Oct. 7th, 2009

mattbell: (Default)
I was recently informed that in the strange world of mainstream dating, people (especially women) tend to have dating checklists that they consciously or unconsciously go through like an interview on the first date. These checklists may include things like height, race, political views, physical appearance, job, mannerisms etc. Some are astonishingly specific. However, over the years I've seen a lot of cases where people's hard and fast requirements turn out not to be true.

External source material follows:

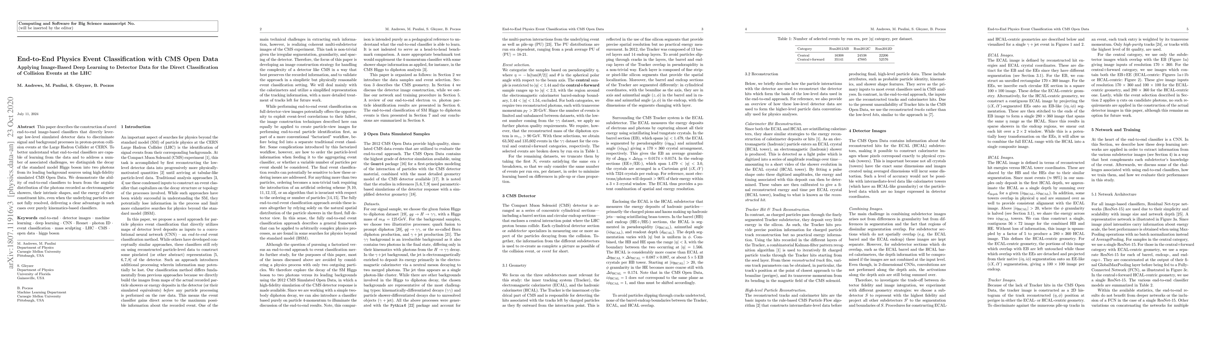 This paper describes the construction of novel end-to-end image-based classifiers that directly leverage low-level simulated detector data to discriminate signal and background processes in pp collision events at the Large Hadron Collider at CERN. To better understand what end-to-end classifiers are capable of learning from the data and to address a number of associated challenges, we distinguish the decay of the standard model Higgs boson into two photons from its leading background sources using high-fidelity simulated CMS Open Data. We demonstrate the ability of end-to-end classifiers to learn from the angular distribution of the photons recorded as electromagnetic showers, their intrinsic shapes, and the energy of their constituent hits, even when the underlying particles are not fully resolved, delivering a clear advantage in such cases over purely kinematics-based classifiers.

- A woman I knew said she was not into guys with beards or long hair, and would never date a smoker. Two years later she was married to a guy with a beard and long hair who had an occasional cigarette.
- A woman I knew said she was not into older men at all, and ended up dating and falling in love with someone 10 years her senior.
- A guy I knew who emphatically said he was only into super skinny women and is now dating someone who's athletic but quite curvy.
... and lots more.

The situation reminds me of some of the product requirements documents I've seen over the last few years. The product requirements document (or PRD) is typically a document produced by a customer, a marketing department, a business development department, an executive, or a VP of engineering that frames the requirements for a product to be developed. The engineers and designers then set to work to meet these requirements. Often these documents are way too specific. A customer will say
“We want the webpage to have one of those apple deskbar things that lets you select each product in our product line and then drag it in the middle of the screen to learn more about it.” However, what they really want is “We want to encourage the user to browse our full product line and learn more about the specific features of each product via an intuitive interface.”

Fundamentally it's the same problem. People don't know what makes them happy. They get attached to a specific vision in their head, and assume that this is the only way it can be. It's sometimes possible to get past this by taking specific requirements and asking yourself why those requirements are so important. Then ask why whatever you think is important is important. A couple of iterations of this may reveal the true reason. However, with matters of attraction, a lot of reasons are intuitive and defy rational explanation. For those, it may be especially worth pushing on them and trying out the opposite of your assumption to see if your theory holds.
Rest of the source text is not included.